Thursday, December 31, 2009

Le Loge de Change - Lyon


Le Loge du Change is a beautiful classicist building in Vieux Lyon. It once housed the city's stock exchange. Since 1803 it has belonged to one of Lyon's protestant congregations.

From the 14th century this location housed the headquarters of bankers merchants and financiers from all over Europe assembling at the Lyon fairs. By the 16th century this group had grown in importance to such an extent, that it was decided to build a lodge for them. The building started a century later.

The former stock exchange is located on the narrow rive gauche, under the steep cliffs of the Fourviere Hills.

The present building has the appearance of an 18th century building, but is in fact a century older. Underneath the classic exterior rests a building built between 1631 and 1653 after the design of architect Simon Gourdet.

By 1748 the building was too small for its purpose. The famous architect Jacques-Germain Soufflot was commissioned to convert the building to fit the needs of the expanding city. It was finished in 1750.

Soufflot had studied architecture in Rome, and when returning to France he introduced neoclassicism as architectural style.

He got Abel-François Poisson, the future marquis de Marigny, brother of Jeanne-Annette Poisson, Madame de Pompadour the maitresse of Louis XV, as his patron.
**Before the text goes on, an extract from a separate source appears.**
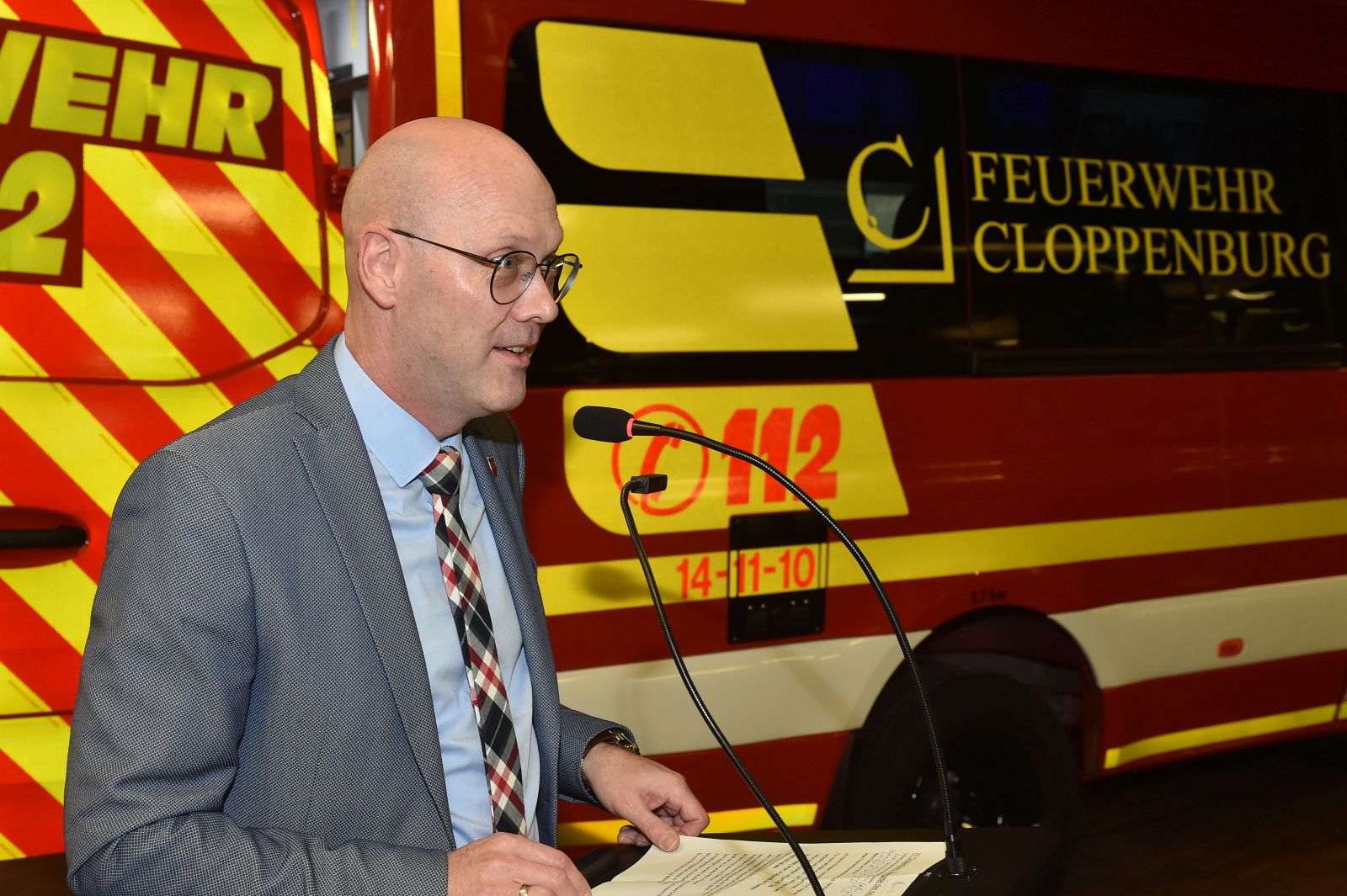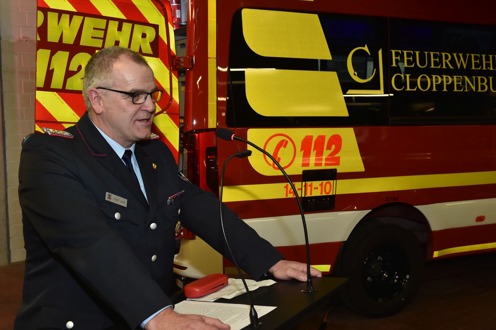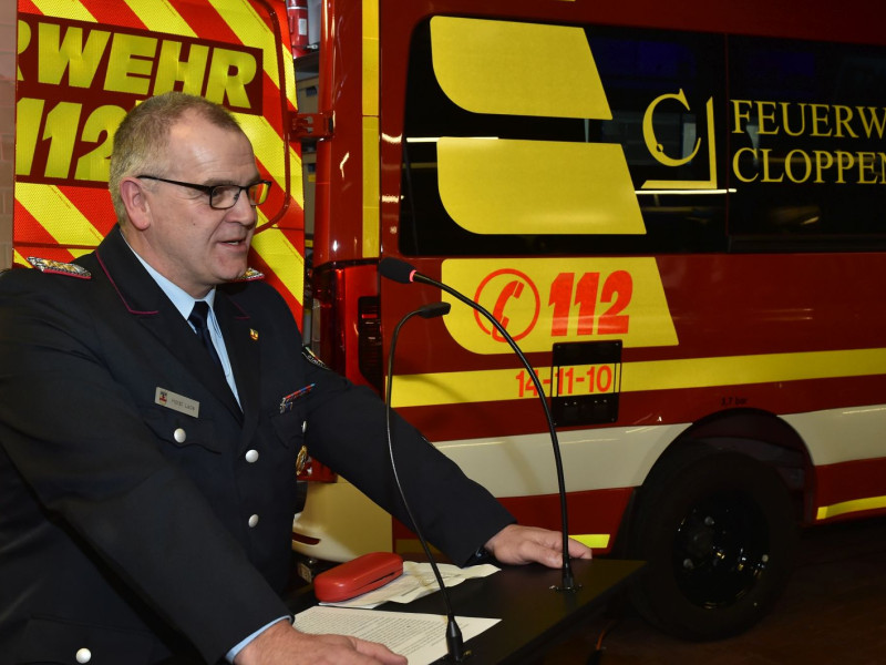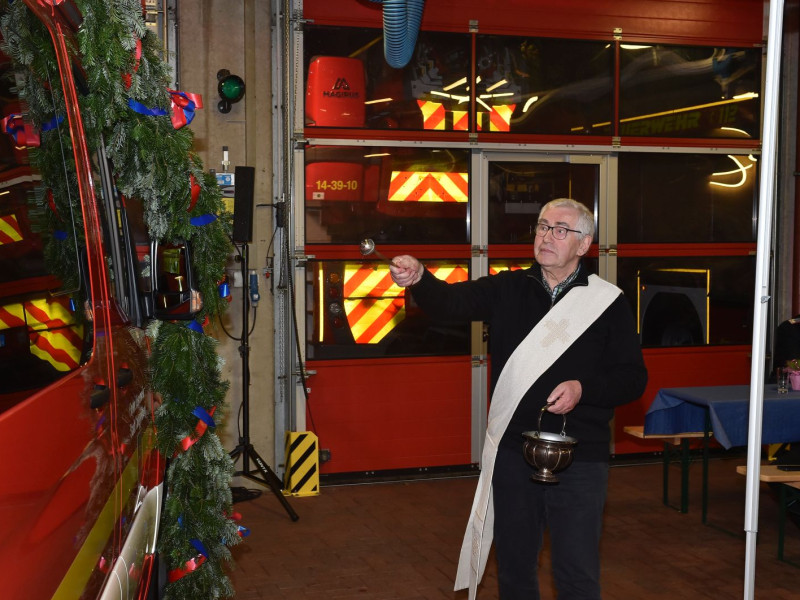 Mit 190.000 Euro sei das Fahrzeug günstiger geworden, als ursprünglich veranschlagt stellte Bürgermeister Neidhard Varnhorn mit Freude fest. Stadtbrandmeister Horst Lade wies darauf hin, dass das Fahrzeug mit seinen fünf Tonnen nun nicht mehr von "jedermann" gefahren werden könne und man doch über den Feuerwehrführerschein nachdenken müsse. Ein Extralob und Dankeschön gab es für unsere ELW Gruppe. Die hat das Auto seit dem Jahr 2021 geplant. Und das haben sie richtig gut gemacht! Tatsächlich viele Stunden und auch Berufliche Urlaubstage investiert. Danke dafür!

In 1755 Marigny became the new Director General of Royal Buildings, and this gave Soufflot influence of the royal buildings in Paris.

His most famous design was that of the Panthéon in Paris.

Soullflot died in 1780, before his masterwork was finished, and his plans were not completely followed. He also designed the first opera house in Lyon, that was replaced by the present opera in 1831.

Soufflot's grave can bee seen in Panthéon in Paris

During the French Revolution the building served as an inn. In 1803 it was converted into a place of worship for the large Protestant congregation in Lyon.